In addition, as in our previous study, glaucoma progression was less in the laminar VD recovery group. When the IOP increases, the strain is mainly concentrated on the LC, and the capillaries between the crushed LC pores are compressed, resulting in VD reduction. If this progresses over a long period, extracellular matrix (ECM) remodeling of the LC occurs and VD recovery does not occur, even if the IOP decreases after glaucoma surgery. It can be determined indirectly through the recovery of the VD of the LC that remodeling has not progressed significantly. Therefore, the prognosis after glaucoma surgery is better in patients with less remodeling. Interestingly, the PPS VD significantly recovered even though in some eyes the laminar VD did not recover after glaucoma surgery. This suggests that ECM remodeling has not yet progressed in the case of PPS and is thought to be an indirect result showing that the structural change of the LC precedes that of the sclera in the progression of glaucoma. When the PPS VD recovered after surgery, the VF test showed worsening by 50%, which was different from the case of laminar VD recovery. First, it is highly likely that the deformation of the LC is already in progress when the PPS VD decreases; therefore, the damage to the axons passing through the LC continues even when IOP is normalized after glaucoma surgery. Second, the decrease in PPS VD indicates that the SPCAs were compressed, and there is a possibility that short-term ischemia was additionally applied to the LC during the period of elevated IOP, resulting in irreversible axonal damage. Therefore, despite the recovery of laminar VD in the case presented in Fig. 3, it is believed that glaucoma progressed rapidly.

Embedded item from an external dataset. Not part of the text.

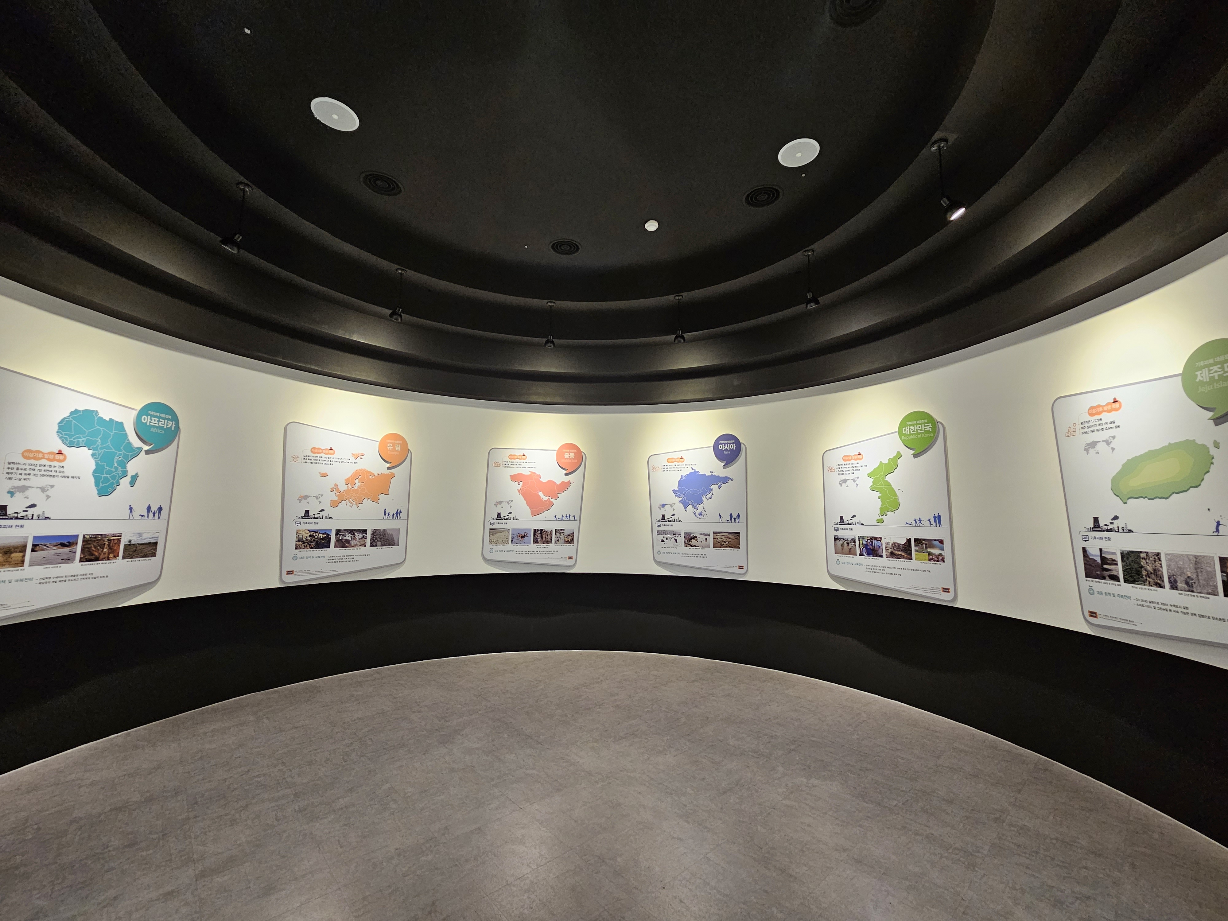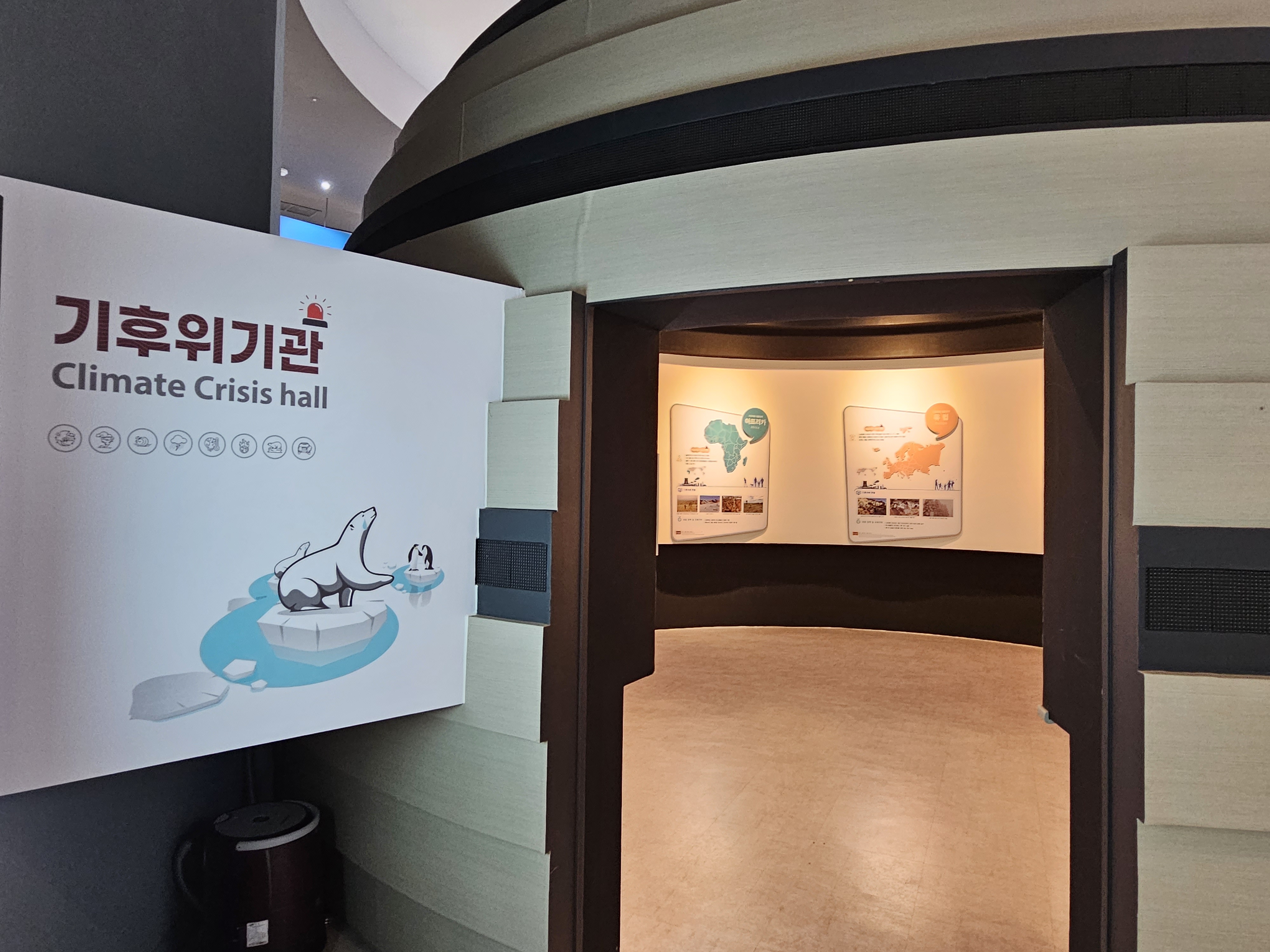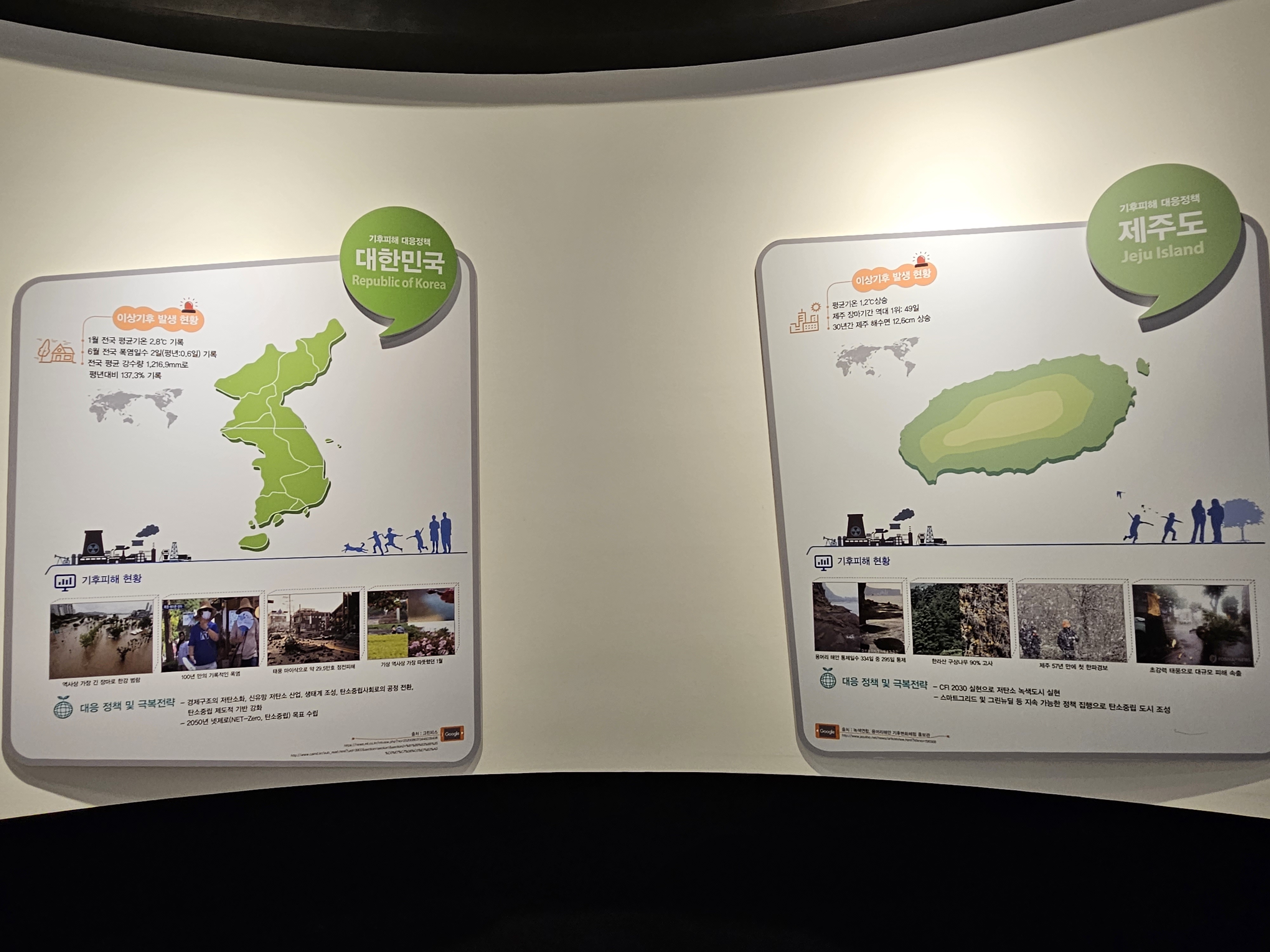 아프리카, 유럽, 중동, 아시아, 대한민국, 제주도의 이상기후 발생 현황 등 기후변화의 심각성을 알 수 있는 전시관입니다.

In the multivariate analysis, PPS VD showed a significant correlation with laminar VD and significantly lower values with an increasing degree of myopia. This suggests that less deformation in the lamina corresponds to less deformation in the sclera, whereas more severe myopia results in increased strain on the peripapillary area due to high IOP. As the distance between the peripapillary arterial circle of Zinn-Haller, the primary arterial source for blood supply to the LC, and the optic disc border is significantly greater in highly myopic eyes27, ischemic damage to the LC due to lower PPS VD in myopia may be relevant to understanding why highly myopic eyes have increased susceptibility to glaucoma. A previous study indicated that in cases of high myopia, the improvement in the rate of VF deterioration after trabeculectomy is less significant than that in non-myopic cases28. Our previous research also observed that myopic eyes with large PPA tend to show greater central VF progression29. These results seem to be related to the PPS VD that we investigated in this study.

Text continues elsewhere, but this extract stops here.